According to the latest IHS Markit/CIPS Purchasing Managers’ Index the global pandemic also hit overseas demand for UK manufacturers, leading to a series-record drop in new export business.
IHS Markit director Rob Dobson, said that huge swathes of industry were hit hard by company closures, weak global demand, lockdowns and social distancing measures in response to Covid-19 and the only pockets of growth were seen at firms making medical and food products.
“Supply-chains also felt the full force of the outbreak as average supplier delays rose to the greatest extent seen since PMI records began,” said Dobson. “International goods flows were constrained by delays in air freight, shipping and border control issues, and staff shortages often limited production.”
Dobson said that the outstanding question that remained was how long the current restrictions would need to remain in place, and which sectors can start to safely reopen.
“The pressure is mounting, as the longer the global economy remains in lockdown the greater the cost to industry will grow, and the greater the likelihood that more jobs will be cut.”
The PMI fell to a record low of 32.6 in April, down from 47.8 in March.
Duncan Brock, group director at the Chartered Institute of Procurement & Supply (CIPS), said that the manufacturing sector took an abrupt nosedive into the red with purchasing activity, production and new orders falling at the fastest rates in nearly 30-years.
“The coronavirus pandemic affected supply chains from beginning to end. Domestic customers deferred orders and export customers thrashed around trying to source a dwindling number of raw materials to keep their supply chains operating before finally giving up.”

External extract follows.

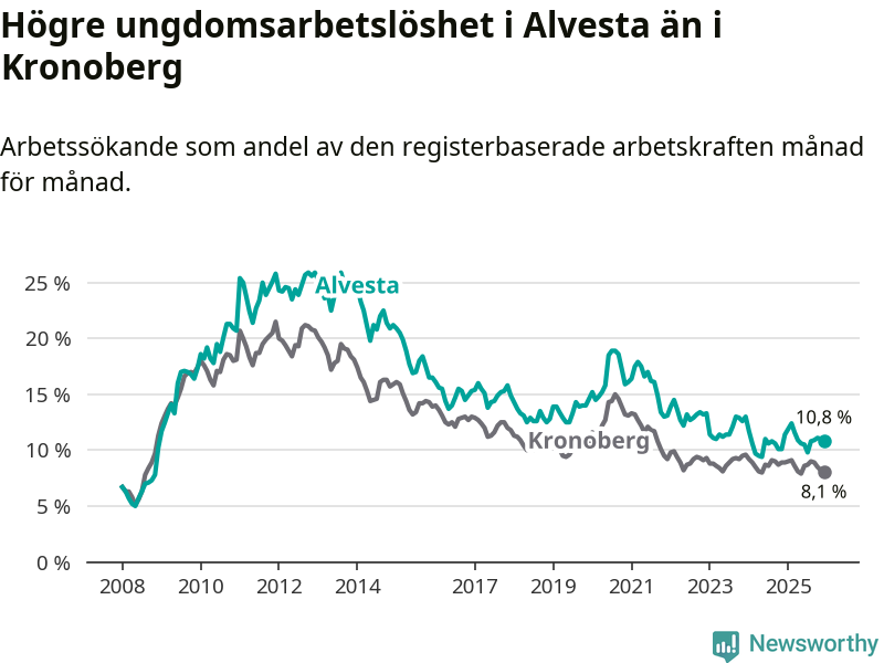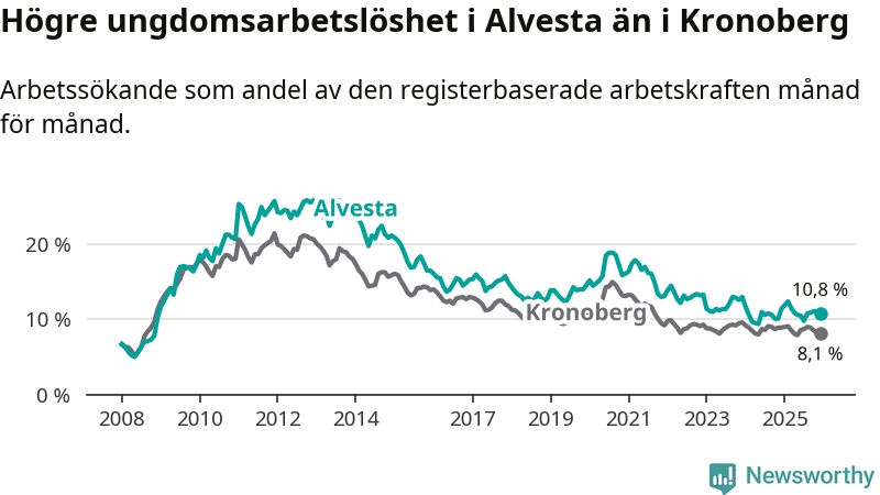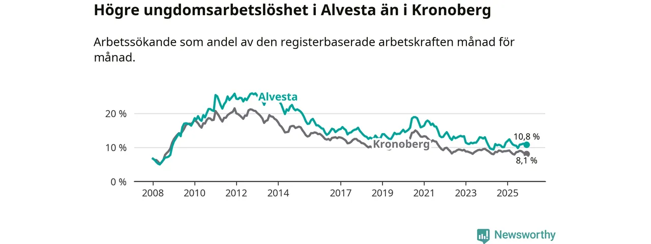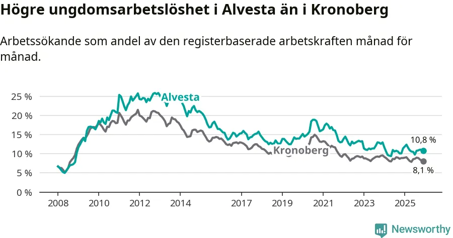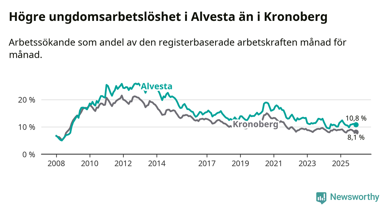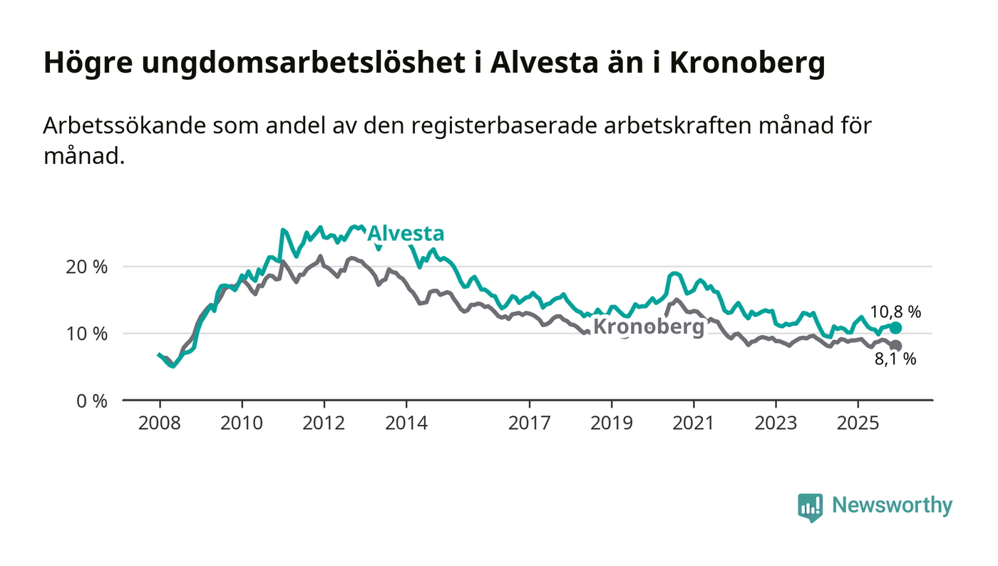 Precis som den totala arbetslösheten ligger ungdomsarbetslösheten i Alvesta högre än i Kronoberg som helhet. Skillnaden mellan kommunen och länet är 2,7 procentenheter.

Brock warned that with the expectation of potential price rises to come, some firms had resorted to stockpiling measures in an attempt to beat future “supply pandemonium” which he believed had only exacerbated the problem of dysfunctional supply chains”.
UK manufacturing supply chains were victim of “substantial disruption” in April, with production, new orders and employment all contracted at the fastest rates in recorded history, while lead times lengthened to their highest in 28 years.